Quarterback value
Dolphins host Mayfield, Allen on draft visits.
The two quarterbacks Adam Gase attended the Senior Bowl to watch and meet with will be visiting the Miami Dolphins this week.
According to a league source, Oklahoma quarterback Baker Mayfield visited the Dolphins on Thursday, and Wyoming quarterback Josh Allen will meet with Miami’s coaching staff and executives today as part of the 30 draft prospects the Dolphins are allowed to host at the team’s Davie facility.
The Dolphins typically use their 30 visits on players they need medical, or character re-checks on. Teams are only allowed to talk with the prospects they host on visits because workouts are not allowed.
The Dolphins have the No. 11 pick in the upcoming NFL draft and both General Manager Chris Grier and Gase, the team’s coach, have publicly stated their desire to use an early pick on drafting a quarterback to be groomed for the future.
Mayfield and Allen are viewed as two of the four quarterbacks who will be selected in the first round. USC’s Sam Darnold is viewed as the best of the bunch, and will likely be the No. 1 overall pick.
From there, it’s anyone’s guess who will be the second quarterback drafted because it comes down to each team’s personal preferences when it comes to UCLA’s Josh Rosen, Mayfield and Allen.

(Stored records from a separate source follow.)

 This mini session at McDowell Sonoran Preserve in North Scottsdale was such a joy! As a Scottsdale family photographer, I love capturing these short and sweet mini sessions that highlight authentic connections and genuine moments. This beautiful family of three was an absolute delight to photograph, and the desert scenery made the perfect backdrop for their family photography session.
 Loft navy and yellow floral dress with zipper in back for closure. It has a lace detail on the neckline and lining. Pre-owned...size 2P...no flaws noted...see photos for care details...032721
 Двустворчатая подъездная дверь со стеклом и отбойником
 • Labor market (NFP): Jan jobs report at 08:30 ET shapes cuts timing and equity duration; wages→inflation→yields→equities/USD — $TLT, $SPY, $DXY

“It’s rare that you’re talking about this
many guys at the top of the draft,” Gase said at the NFL Owners Meetings last month. “Whoever is getting who, you’re getting good players across the board, guys who are confident and have a lot of talent. It really comes down to your flavor.”
Darnold is the most polished of the four, but possesses a wind-up throwing motion that concerns some evaluators. Rosen has the best mechanics, but there are concerns about his personality and durability. Mayfield, a three-year starter at Oklahoma, is shorter than ideal (6 feet 1), and has an edgy personality that might scare off some teams. Allen has an elite arm, but struggled with accuracy throughout his collegiate career.

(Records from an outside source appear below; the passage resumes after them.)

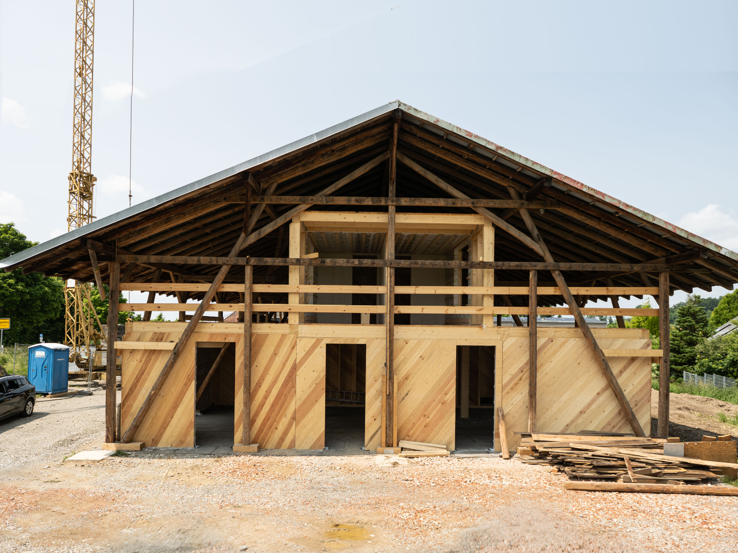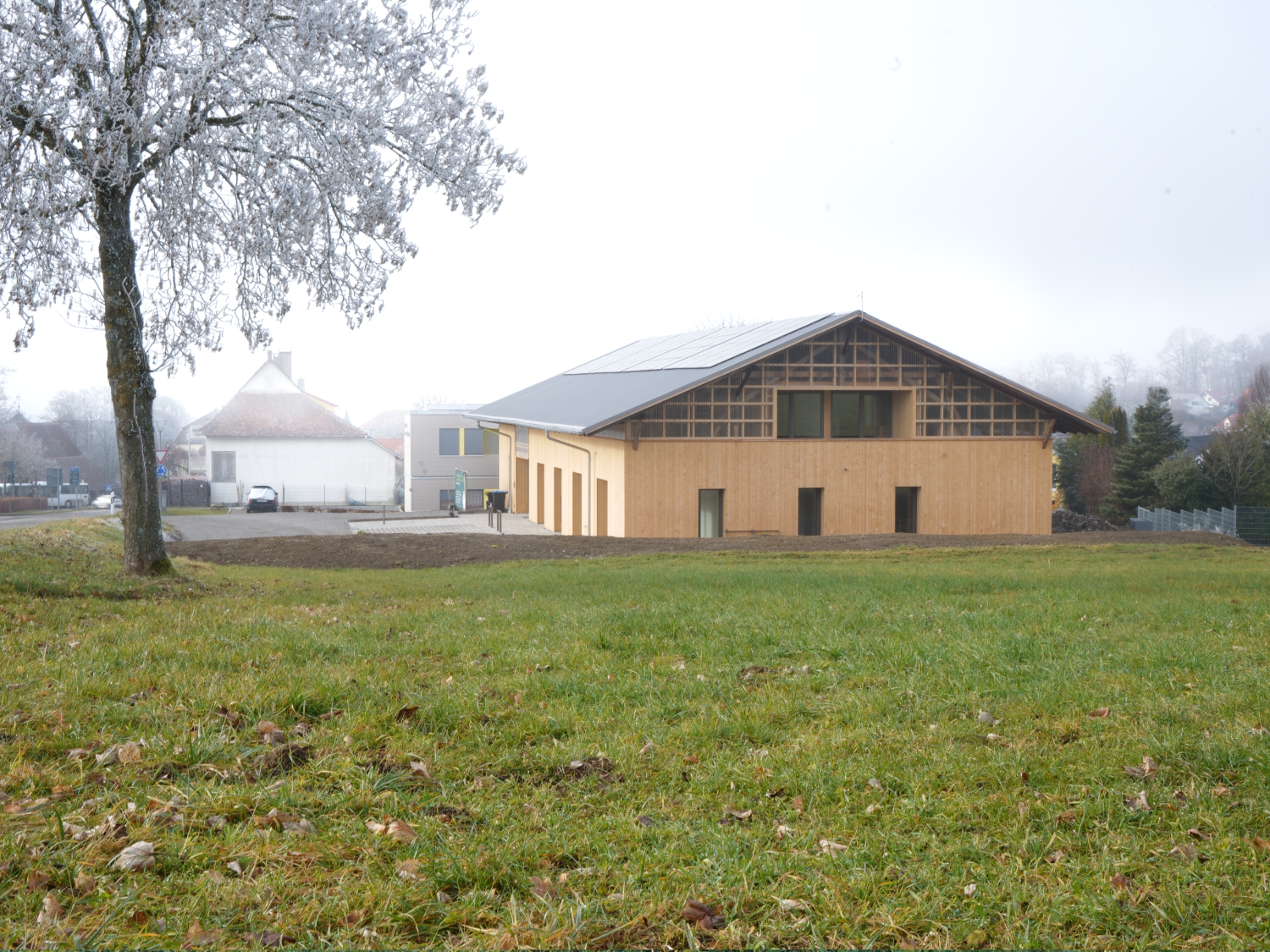 Einbau eines Therapiegebäudes in eine stillgelegte Forsthalle, Heiligenberg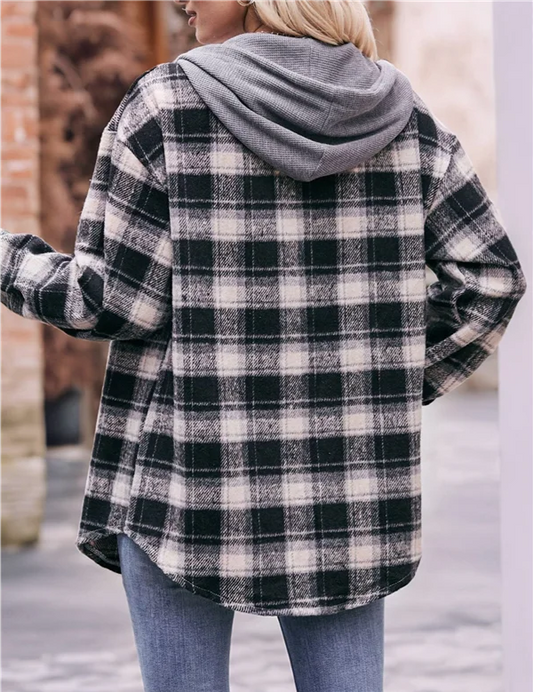Flannel Plaid Hoodie Jacket Long Sleeve Button with Pocket & Drawstring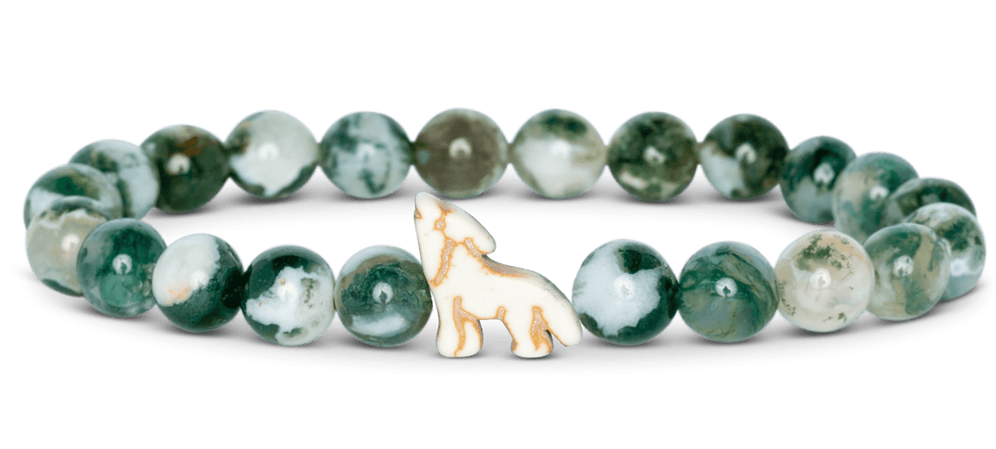 This stretch Fahlo bracelet in woodland green with wolf center detail comes with it's own real live wolf to track!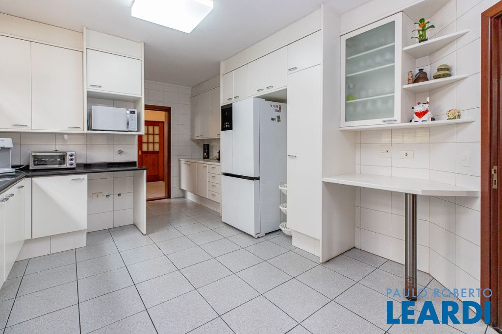 A cozinha, integrada à copa e à despensa, traduz praticidade no dia a dia, ampla e bem iluminada.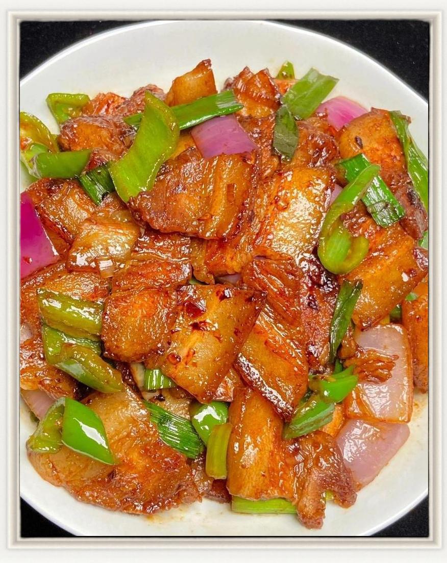 7、回锅肉是一道色香味俱全的下饭菜,更是被称为川菜之首家常回锅肉五花肉半斤,尖椒一个青蒜45根,白糖2茶勺生抽1汤勺,盐2克。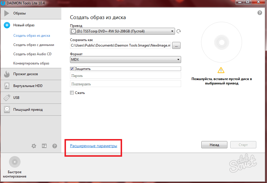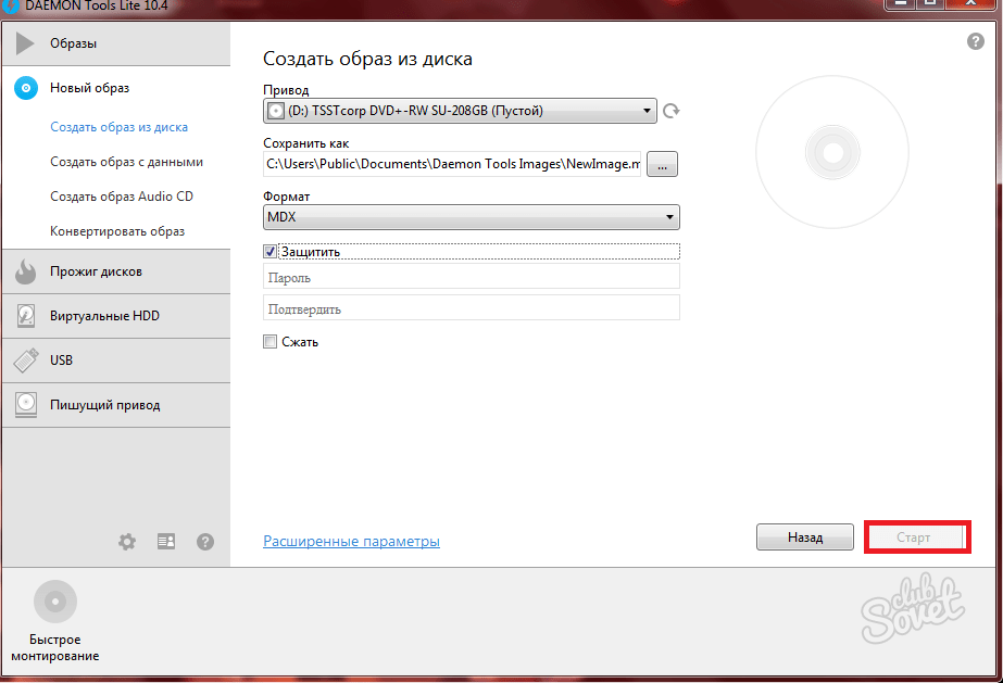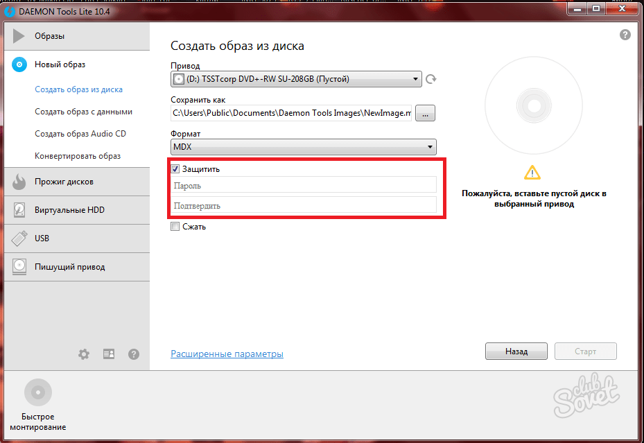 Вы можете защитить свой образ, чтобы открыть его можно было только с паролем. Для этого поставьте галочку возле слов “Защитить”, в затем дважды пропишите пароль. Не забудьте его и не сообщайте пароль никому.

The last time an NFL draft possessed this many top-shelf quarterbacks was 2012, a class that featured Andrew Luck, Robert Griffin III, Ryan Tannehill, Brandon Weeden, Kirk Cousins, Russell Wilson, Nick Foles and Brock Osweiler.
Luck, Griffin, Tannehill and Weeden were all taken in the first round. Tannehill has a 37-40 record in five seasons as Miami’s starter.
The Browns, who own the first and fourth picks, Giants (No. 2 pick), Jets (No. 3), Broncos (No. 5), Bills (Nos. 12 and 22) and Cardinals (No. 15) are the teams expected to draft a quarterback early.
Grier has consistently stated he’ll only take a quarterback if he’s the highest-rated player on Miami’s draft board.
“The big thing is leadership. You need a guy with a dynamic personality,” Grier said when asked what he’s looking for from a quarterback. “Someone who knows how to handle people, both good and bad [situations], because you’re going to have ups and downs. [We need] a guy that’s steady, a guy that’s a winner. I think it’s important to find a guy that has won at high school and at the college level.”
Tannehill missed 20 games the past previous two seasons because of a left knee injury he initially sustained near the end of the 2016 season and re-injured during training camp last year, resulting in him getting his anterior cruciate ligament surgically repaired.
Tannehill has been medically cleared to participate in all of the Dolphins’ offseason training, which begins next week, and according to Gase, he’s Miami’s unquestioned starter.
The Dolphins restructured Tannehill’s contract this offseason to create $11 million in cap space. With the restructure, $16.7 million was turned into a signing bonus and Tannehill gets the rest ($775,000) as his base salary in 2018. However, the changes do not impact Miami’s commitment to Tannehill in 2019 and 2020, which remain opt-in years for the Dolphins.